Echocardiographic images of right ventricle (RV) dilatation across the lifespan in repaired tetralogy of Fallot (ToF). Figure delineating progressive changes of the RV anatomy on echocardiography in the same patient after ToF repair. (A) The RV is highlighted within 1 month after repair, (B) the RV is shown 3 years after repair, and (C) the RV is shown 6 years postoperatively. This figure emphasizes that most of the RV remodelling occurs within the first 3 years with significant basal bulging.
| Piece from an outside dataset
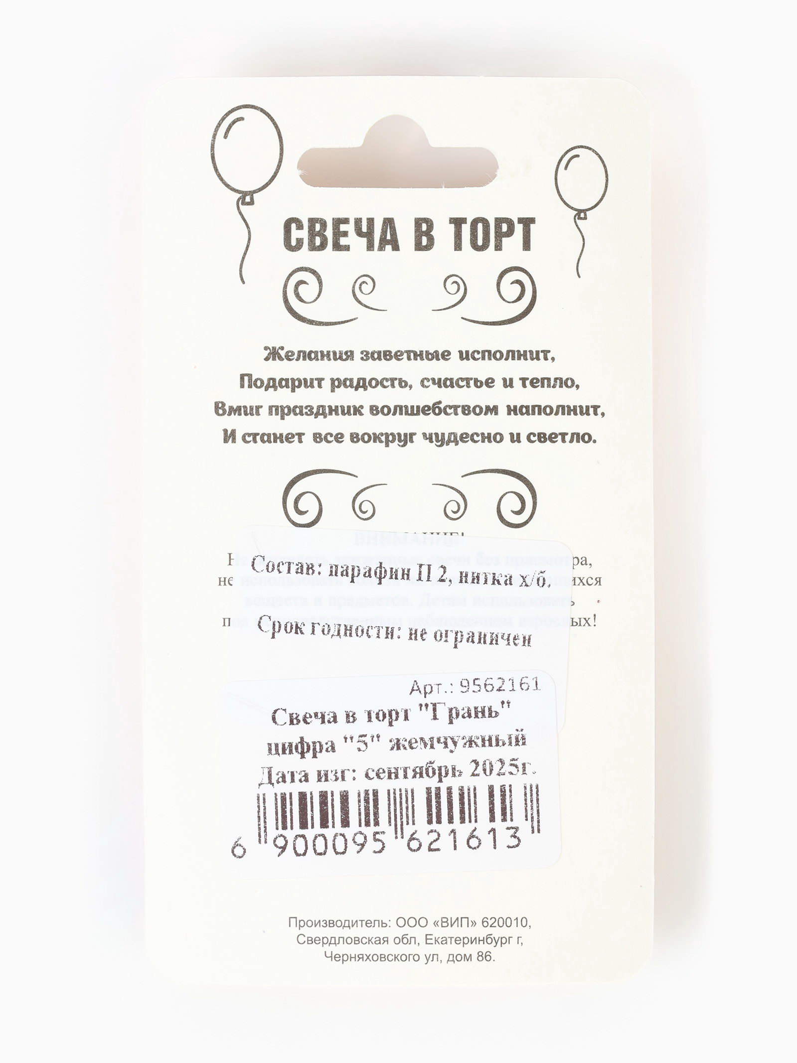 Размер упаковки: 7.5 x 1 x 14.5 см. Состав: Парафин Форма свечи: Цифры Для кого: Унисекс В наборе, шт.: 1 tnved: 3406000000 Температурное ограничение: Нет Цвет: Белый Цифра: 5 Высота свечи, см: 7.8 Высота свечи без шпажки, см: 6.5 Уважаемые клиенты! В связи с наступлением осенне-зимнего периода напоминаем Вам, что на свечах с лаковым покрытием от резких перепадов температур или при низкой температуре (ниже – 20С) может отслоиться (вздуться) лак. Явление носит, как правило, обратимый характер. При транспортировке в зимнее (холодное) время года коробки со свечами вскрывать после того, как они постоят на Вашем теплом складе не менее суток. | ||

After 6 years from repair, there was some additional apical dilatation. RV function remained stable with a fractional area change of 43%, RV free wall strain −20%, and RV ejection fraction estimated by 3-dimensional echocardiography at 43%.

Figure 6

Myocardial strain imaging of the right ventricle in repaired tetralogy of Fallot. (A) 2-dimensional myocardial strain imaging. The pattern of activation includes an early septal-apical activation alongside basal-lateral prestretch and postsystolic shortening. (B) M-mode image showing a “septal flash” (arrows).